OAuth 2.0 Client Credentials Grant

DataGrail recommends using this authentication method because it is the most secure option. A token retrieval endpoint is required when connecting DataGrail to the implemented API. When connecting your API to DataGrail, you will need to provide the following:

  • Client ID: Unique ID used to identify requests from DataGrail.
  • Client Secret: Secret for authorizing requests from DataGrail.
  • API Base URL: Base URL where requests will be sent.
  • API Token Endpoint URL: Endpoint that DataGrail uses to initiate the OAuth flow (e.g. /oauth/token).
Example OAuth Authorization Request

When initially connecting using the OAuth authorization method, DataGrail will initiate a client_credentials grant request to your API Base URL plus your API Token Endpoint URL i.e. https://my_company_name.com/oauth/token.

Example Headers

In the headers of the request from DataGrail, the authorization header will be a base64 encoded value of a string interpolated with the Client ID and Client Secret as client_id:client_secret. You can decode and verify the Client ID and Client Secret you’ve configured during the initial connection.

{
"content_type": "application/x-www-form-urlencoded",
"authorization": "Basic <base64 encoded client_id:client_secret>",
"X-Dg-Authtype": "OAuth",
"user_agent": "dgclient/1.0"
}
Example Body

The body will contain the grant_type with a value of client_credentials.

{
"grant_type": "client_credentials"
}
Expected Response

The access_token returned by you will be used as the authorization Bearer token for all other internal systems requests.

{
"access_token": "<your_access_token>",
"token_type": "Bearer",
"expires_in": "<expiry_time>"
}
OAuth Token Management Considerations

If you will be using your own OAuth token management with this API, it's important to note the following:

  1. Other OAuth 2.0 grant types are not currently supported.
  2. DataGrail does not require implementation of authorization scopes at the moment. If you implement them, ensure that the appropriate scopes are attached to the token grant.

Token Based

As an alternative to OAuth 2.0 Client Credentials Grant, and because we acknowledge that building such capabilities may be an operational burden for some, DataGrail also accepts the less secure option of a static token-based authentication.

The static token you set here will be used as the authorization Bearer token for all other internal systems requests.

Authorized Requests From DataGrail

Depending on the authorization method, an access_token or static token will be used as the Bearer token for all other internal systems requests. You can verify the Bearer token to authorize the requests. The header uses the following format:

{
"content_type": "json",
"authorization": "Bearer <some_token>",
"X-Dg-Authtype": "Bearer",
"user_agent": "dgclient/1.0"
}

Environments

All endpoints implemented in this specification are required to use the same base URL.

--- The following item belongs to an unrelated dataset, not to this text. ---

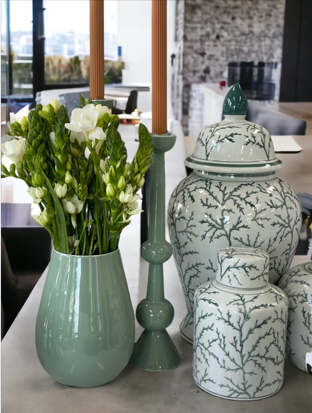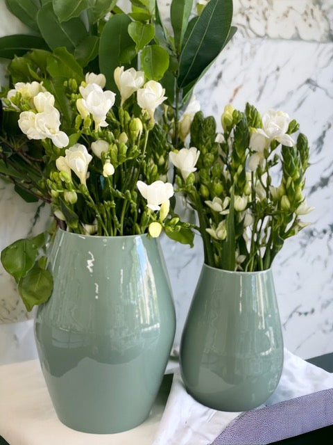 • Indulge in the luxurious elegance of our Enamelled Green Sculptural Vase. This handcrafted 20cm piece boasts a beautiful green enamel finish, giving it a unique and eye-catching appeal. Perfect for adding a touch of sophistication and artistry to your living space.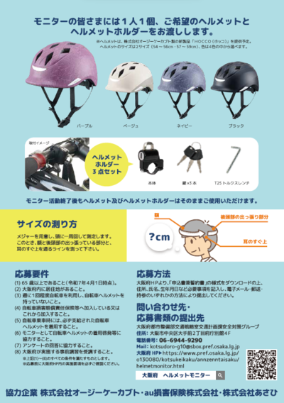 大阪府自転車ヘルメット着用モニター募集チラシ(PDF:1,150KB)

At least one Production environment is required to receive real privacy requests, and it is recommended to have at least one additional environment for Development and/or Testing to enable testing that does not interact with production data.

DataGrail recommends using the following base URL pattern:

  • Production: https://datagrail_prod.my_company_name.com/
  • Development: https://datagrail_dev.my_company_name.com/

API Overview

Workflow

Overview of a standard privacy data request through an Internal Systems API connection:

Internal Systems Workflow

Versioning

This specification will be released by major increments using versioning starting with v1. Since the API was designed with optionality and extensibility by default, DataGrail will be able to add additional functionality and other non-breaking changes to the existing version, thus limiting the need to update the version specified.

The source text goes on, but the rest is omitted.